Mainichi Shimbun reporter Tomoko Oji has been chosen as a co-winner of the 2010 Vaughn-Ueda international journalist prize, the prize's selection committee announced on March 7.
Oji, a reporter in the Mainichi's Foreign News Department, shared the prize with Kenji Minemura, an Asahi Shimbun correspondent in Beijing.
Oji, 45, was honored for her reporting in a series on the United States and the war on terror that started in February 2009. In the series Oji covered the front lines of the war from various angles, including work as an embedded journalist with U.S. troops in Afghanistan.
In awarding Oji the prize, the selection committee said that the long-term news project that she had completed had shed light on the darker aspects of war. It also lauded her for an ongoing series in the Mainichi Shimbun titled "Media wars in an Internet age," which started in November 2009, saying she had delved into aspects of the U.S. media in a rapidly changing Internet era.

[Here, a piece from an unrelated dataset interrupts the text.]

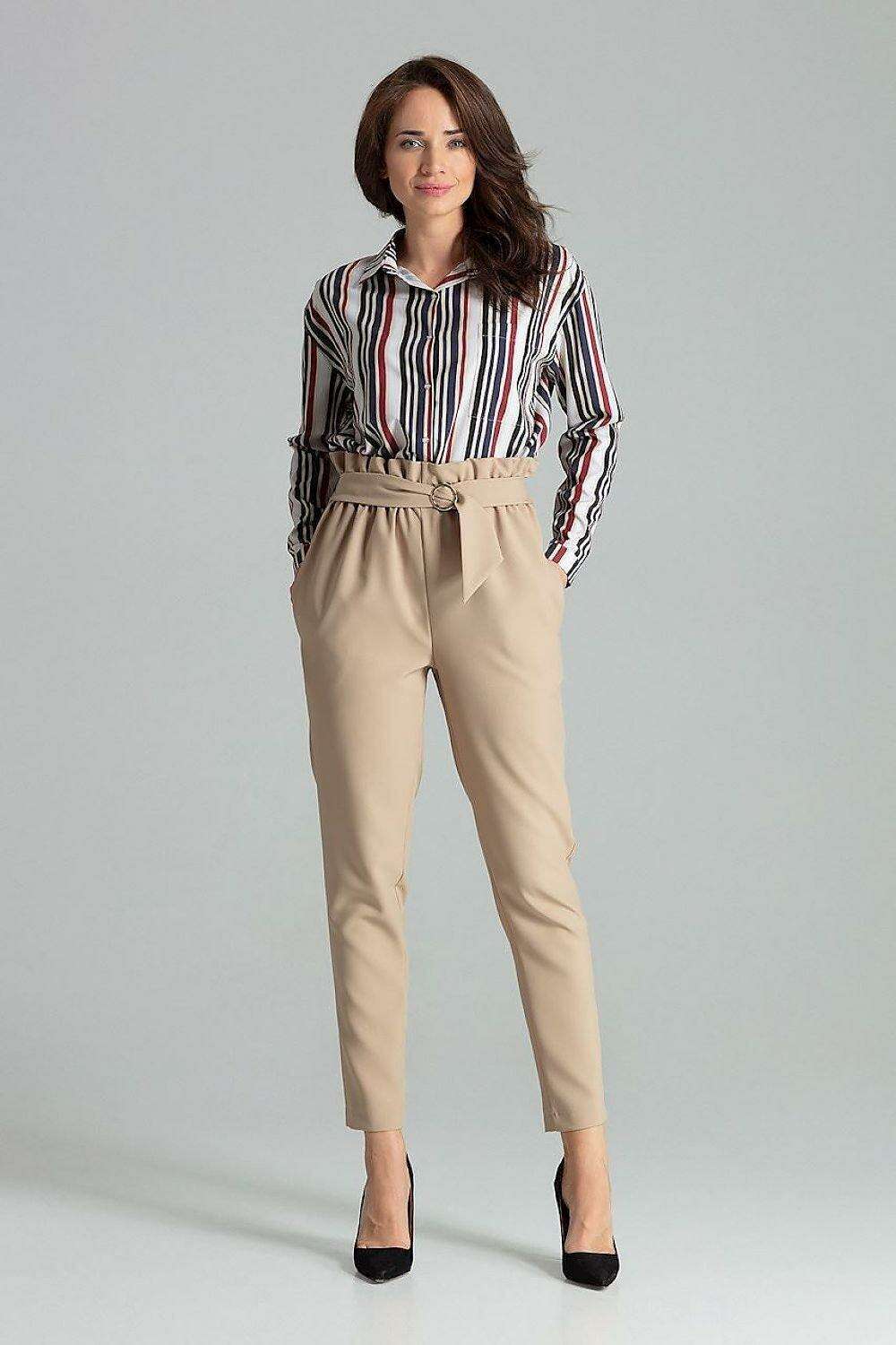 Chic Beige Trousers with Glamorous Golden Buckle - Comfortable Style
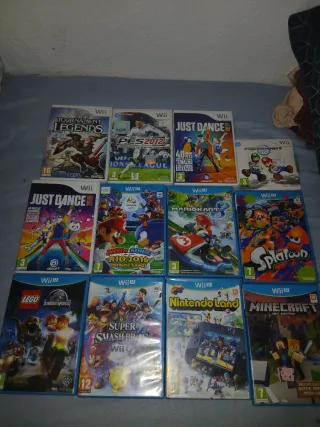 Lote de 12 videojuegos para Wii U. - Just Dance 3 - Just Dance 4 - Tournament Legends - PES 2012 - Mario Kart 8 - Splatoon - Lego Jurassic World - Super Smash Bros. Wii U - Nintendo Land - Minecraft: Wii U Edition - Mario & Sonic en los Juegos Olímpicos Río 2016 - Wii Sports separados 10€ juntos pak especial 40€ precio no megociable solo los dela wiiU los dela wii lla estan vendidos

Minemura covered China's security policies, including the Chinese military's project to build an aircraft carrier and maritime strategies, as well as media restrictions. The prize committee said that he actively set about reporting on information relating to undisclosed government policies.
Oji entered the Mainichi Shimbun in 1989. After working at the Mainichi's Hanshin bureau and in the Sunday Mainichi Editorial Department, she joined the City News Department at the Mainichi's Tokyo Head Office. Between October 2006 and September 2010, she worked in the paper's North American Bureau, before moving to her current position in October 2010.

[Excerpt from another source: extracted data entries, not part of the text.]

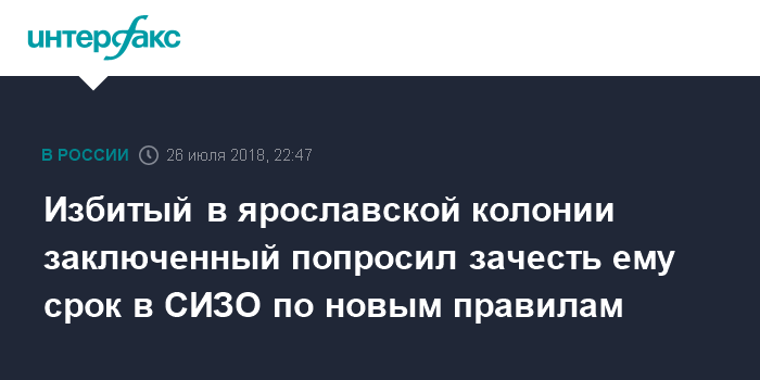 Избитый в ярославской колонии заключенный попросил зачесть ему срок в СИЗО по новым правилам
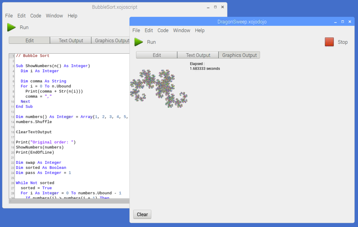 Xojo Dojo is a free and easy way to get started with programming on the Raspberry Pi. With Xojo Dojo you can use the Xojo programming language, along with a few other special commands to make simple Pi programs directly on your Raspberry Pi. These programs can use text, graphics and access the GPIO port.
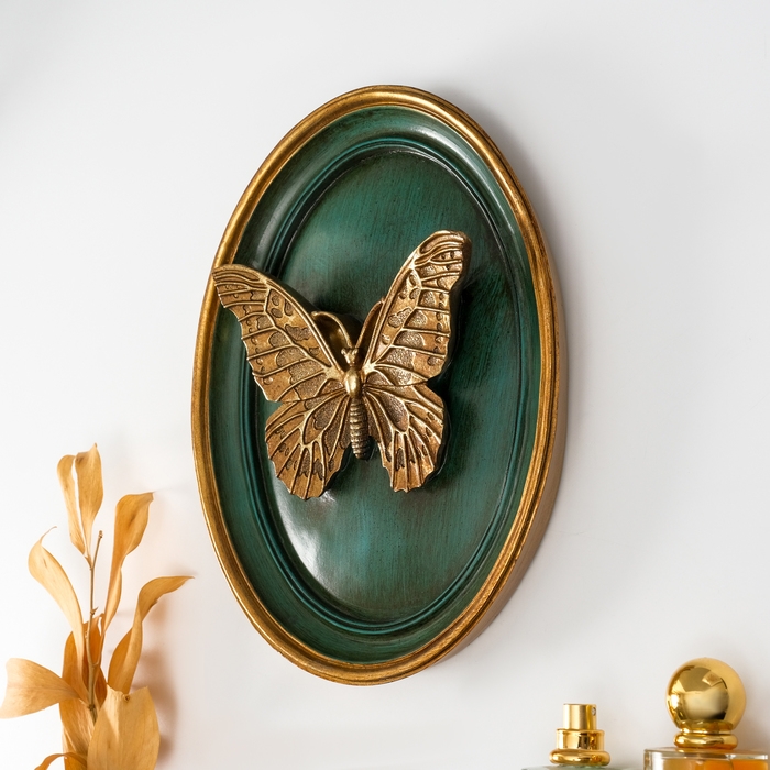 Панно интерьерное полистоун "Бабочка" тёмно-зеленый 20х4х26 см
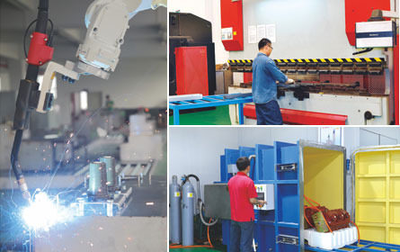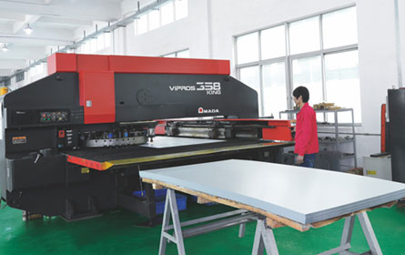 生产设备:德国、芬兰和日本进口的数控加工设备、全自动静电喷涂生产线、钣金加工设备、机械加工中心
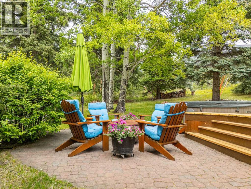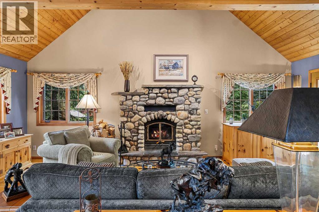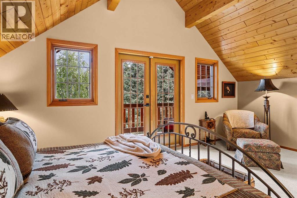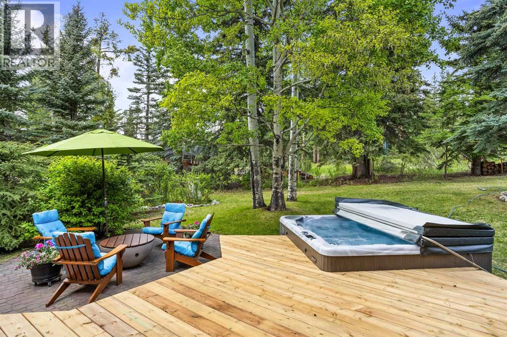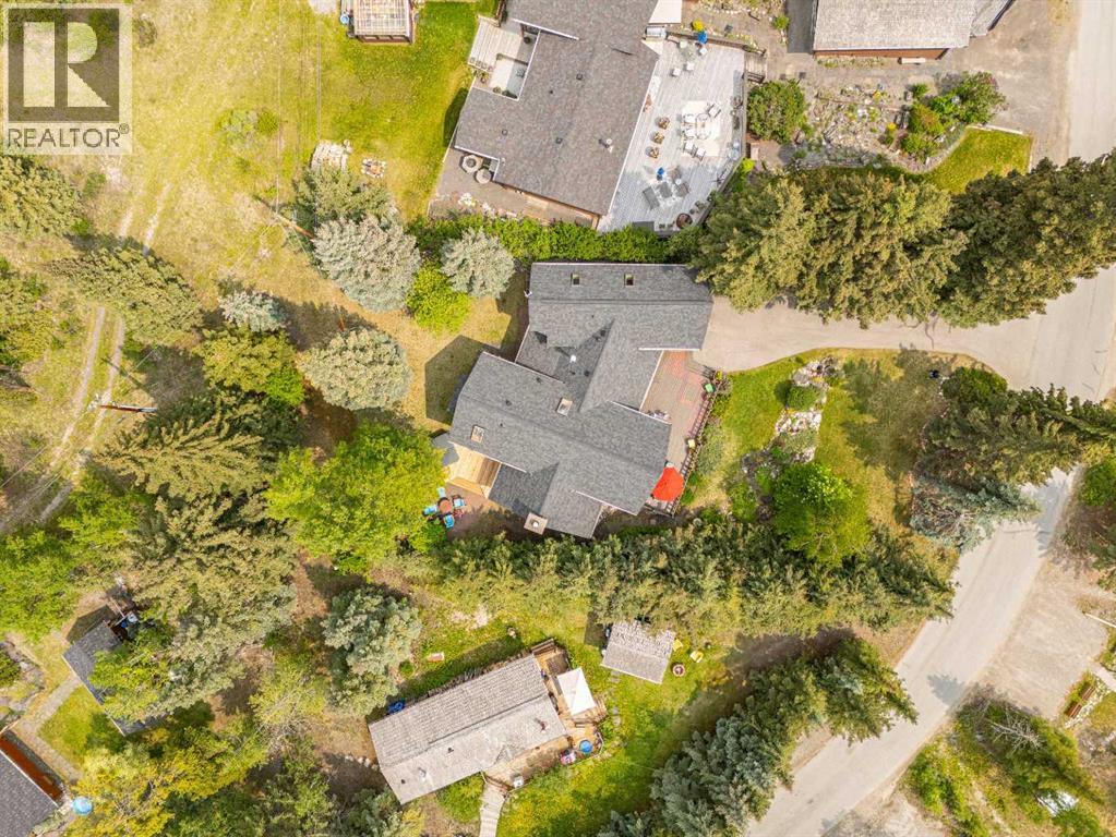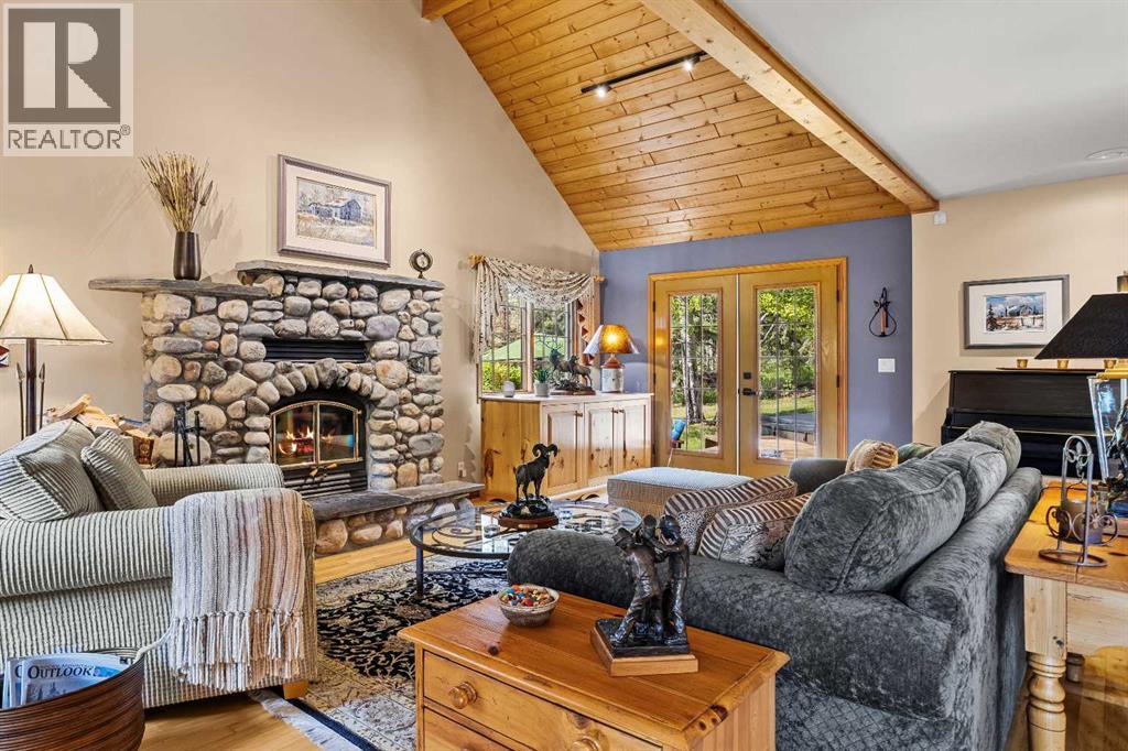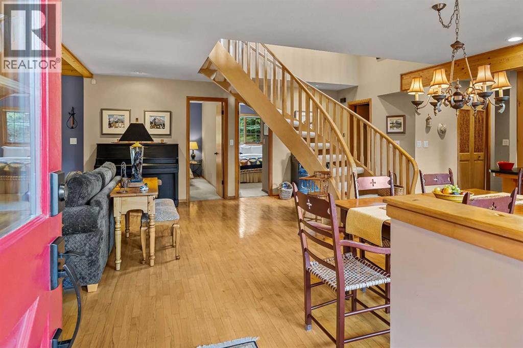 Exempt from the foreign buyer ban, this exquisite mountain estate is quietly nestled in the serene hamlet of Harvie Heights, just minutes from the heart of Canmore. Set on a beautifully landscaped 11,250+ sq.ft. lot and surrounded by mature trees and mountain vistas, this is a rare opportunity to own a private alpine escape. Blending rustic charm with refined comfort, the home features vaulted ceilings, rich hardwood floors, and a spiral staircase that adds architectural elegance to the warm, wood-accented interior. The thoughtful layout includes 4 bedrooms and 3 bathrooms, plus a spacious lower-level family room, and additional storage — ideal for future customization. Four sun-drenched sundecks invite you to relax and take in the sweeping views, while a tandem double garage provides ample space for vehicles and gear. One of the few properties still eligible for foreign ownership, this mountain sanctuary is a truly rare offering in today’s market. (id:63190)

While Oji was in the City News Department, she produced scoops in 2002 and 2003 on the Defense Agency's illegal investigations of people who had requested the release of information, and the agency's illicit collection of personal information when seeking Self-Defense Force recruits. In both years she was awarded the Japan Newspaper Publishers and Editors Association prize -- Japan's top journalism award.